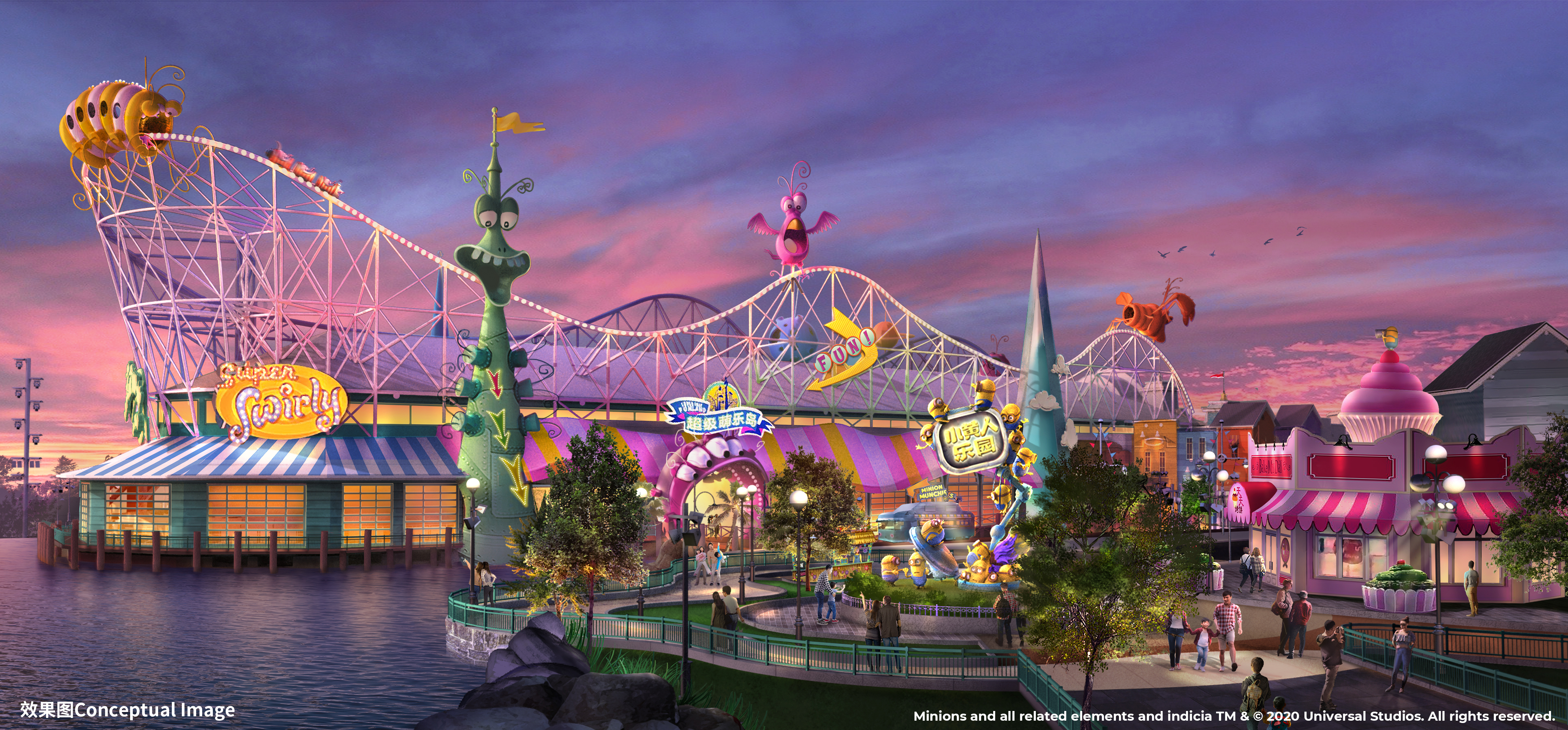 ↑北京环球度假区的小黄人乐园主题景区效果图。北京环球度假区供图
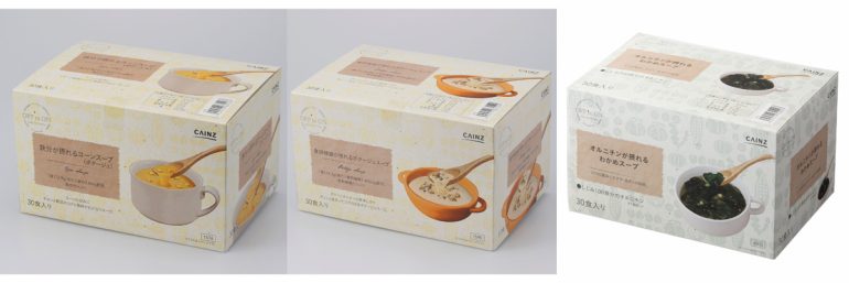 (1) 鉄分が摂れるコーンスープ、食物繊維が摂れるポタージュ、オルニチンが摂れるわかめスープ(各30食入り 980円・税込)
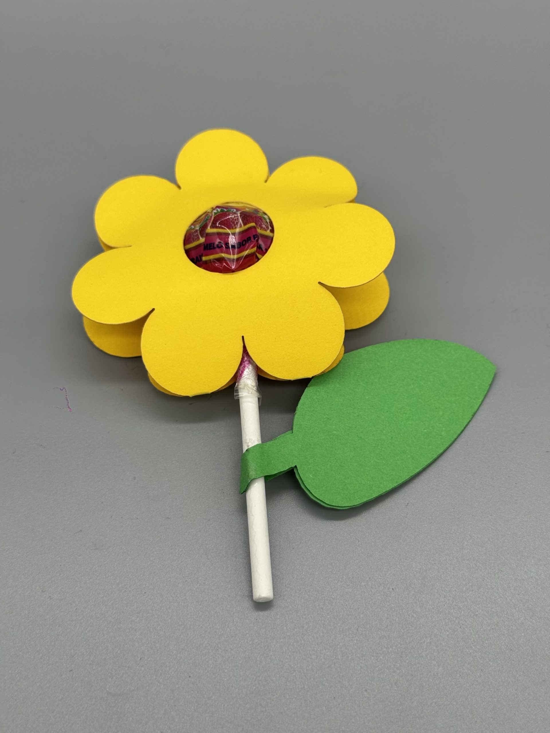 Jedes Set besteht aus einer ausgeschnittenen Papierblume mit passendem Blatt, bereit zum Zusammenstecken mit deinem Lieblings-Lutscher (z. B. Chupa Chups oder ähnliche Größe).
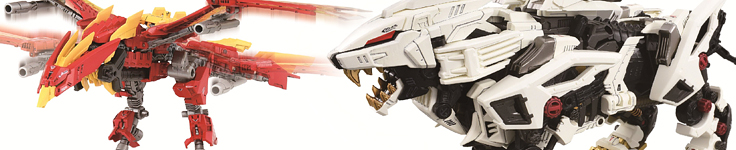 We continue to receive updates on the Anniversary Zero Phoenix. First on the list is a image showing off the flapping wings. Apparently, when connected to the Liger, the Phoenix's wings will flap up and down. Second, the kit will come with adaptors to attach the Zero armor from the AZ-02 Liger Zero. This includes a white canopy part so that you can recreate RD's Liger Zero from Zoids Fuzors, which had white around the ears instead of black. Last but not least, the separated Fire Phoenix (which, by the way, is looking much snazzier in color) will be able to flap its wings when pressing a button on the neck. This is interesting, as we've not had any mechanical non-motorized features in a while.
- - - - - - -
## Problem to solve
Write the data out again word for word; leave the pictures behind.

## Response area
 ↑北京环球度假区的小黄人乐园主题景区效果图。北京环球度假区供图
 (1) 鉄分が摂れるコーンスープ、食物繊維が摂れるポタージュ、オルニチンが摂れるわかめスープ(各30食入り 980円・税込)
 Jedes Set besteht aus einer ausgeschnittenen Papierblume mit passendem Blatt, bereit zum Zusammenstecken mit deinem Lieblings-Lutscher (z. B. Chupa Chups oder ähnliche Größe).
 We continue to receive updates on the Anniversary Zero Phoenix. First on the list is a image showing off the flapping wings. Apparently, when connected to the Liger, the Phoenix's wings will flap up and down. Second, the kit will come with adaptors to attach the Zero armor from the AZ-02 Liger Zero. This includes a white canopy part so that you can recreate RD's Liger Zero from Zoids Fuzors, which had white around the ears instead of black. Last but not least, the separated Fire Phoenix (which, by the way, is looking much snazzier in color) will be able to flap its wings when pressing a button on the neck. This is interesting, as we've not had any mechanical non-motorized features in a while.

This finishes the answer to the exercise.